Mendelssohn:Octette In E Flat Major, Op. 20 [1.Allegro Moderato Ma Con Fuoco]

Mendelssohn:Octette In E Flat Major, Op. 20 [2.Andante]

Mendelssohn:Octette In E Flat Major, Op. 20 [3.Scherzo: Allegro leggierissimo]

Mendelssohn:Octette In E Flat Major, Op. 20 [4.Presto]




よりパワフルで多彩な響きを求めた作品

この八重奏曲はメンデルスゾーン16才の時の作品です。
メンデルスゾーンにとってこの時期は、家庭内での演奏会のための作品からより公的な場で演奏される作品へと転換しはじめたときでした。
彼はこの前年に六重奏曲も書いているのですが、それもまたより編成の大きな多彩な響きを求めたものでした。

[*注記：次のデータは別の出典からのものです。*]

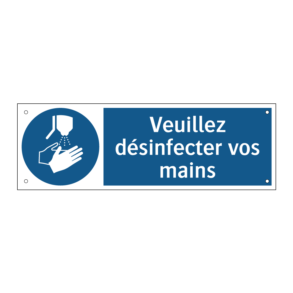 Ce panneau d'obligation est essentiel pour garantir l'hygiène dans les espaces publics. Il invite les visiteurs à se désinfecter les mains, contribuant ainsi à maintenir un environnement sain et sécurisé. Idéal pour les entrées de bâtiments, les halls d'accueil, les bureaux, les écoles et les centres commerciaux, ce panneau assure que les mesures sanitaires sont respectées. Sa couleur bleue et son texte blanc attirent l'attention, tandis que la symbolique claire renforce le message. En plaçant ce panneau à des endroits stratégiques, vous encouragez une pratique d'hygiène essentielle et montrez votre engagement envers la santé publique.

この六重奏曲は作品番号が「110」なので誤解を招くのですが、決してメンデルスゾーンの晩年の作品ではありません。そうではなくて、逆に若書きの作品であり、その出来に満足できなかったメンデルスゾーンが公開の場で演奏もしなければ出版もしなかったのです。しかし、メンデルスゾーンの仕儀に、埋もれてしまうのは惜しいと言うことで1868年にはじめて出版されたので「作品番号110」となってしまっているのです。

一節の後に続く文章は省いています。